Congress has finally agreed to pass some major tax reforms, which will avert the fiscal crisis, at least for the next couple of years. It seems likely that a major constitutional change will make economic policy a good deal easier. The mining sector, essentially shut down for the past two decades by NGO activists, has a new lease of life.

There are in reality two economies. One, where Filipino talent is able to demonstrate its skills at home, and increasingly abroad, is thriving. The other, where this talent is stifled by patronage politics and a demoralized bureaucracy, is under-performing. In the former 'enclaves of success', able to operate independently of government interference, or requiring little by way of complementary public facilities, the Philippines is highly competitive. Examples include manufacturing in export processing zones, and a wide array of service activities in areas as diverse as IT, call centres and medical support.

Where to from here? Strong and durable economic development will require at least the following:

First, a resolution of the fiscal crisis, through a substantial increase in government revenue. That is: a Congress willing to assume its responsibilities and pass crucial fiscal measures; major reform of the tax code (eg, the country has one of the highest corporate tax rates in East Asia but one of the lowest collection rates); and inculcating a culture of tax compliance and honest collection.

Second, given the complexity and fluidity of Philippine politics, measures which insulate the business world from political machinations - the much discussed 'firewall' between economics and politics - are needed. For example, the independent central bank provisions are generally working well. The decentralization arrangements introduced in 1992 are beginning to encourage competition among local governments. In addition to the fiscal measures, much more is needed, especially in regulatory reform.

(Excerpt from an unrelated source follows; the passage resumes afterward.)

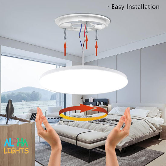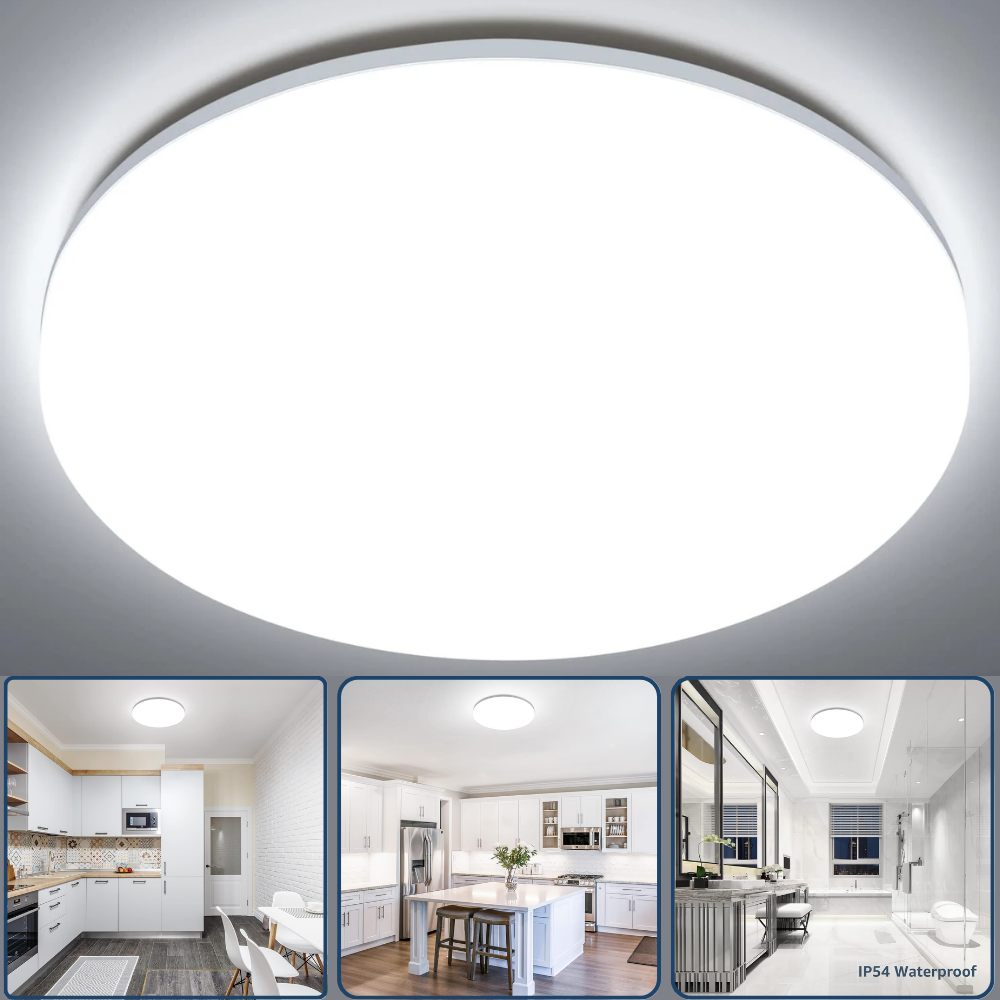 36W Modern Flush Ceiling lights, perfect for modern indoor lighting. With a sleek white finish, 230mm diameter, and slim 40mm profile, it blends effortlessly into any room. Emitting a crisp 6000K cool daylight.

Third, the debilitating conflicts in Mindanao, and elsewhere, need to be resolved. The recently released Philippine Human Development Report documents the terrible social impacts of the conflict, especially in the localities known as the Autonomous Region of Muslim Mindanao.

Fourth, the military needs to be kept in the barracks. The longer the conflict in Mindanao continues, the longer the military is woefully under-funded, and the longer the current political impasse persists (and with it, superficially, the pretext for intervention, to 'restore order'), the less likely it is that restless and ambitious sections of the military can be restrained.

This is not an impossibly ambitious agenda. The presidency of Fidel Ramos, from 1992 to 1998, delivered on much of it, and the country prospered as a result.

WATCHPOINT: Current political uncertainties will not make implementation of a reform agenda any easier.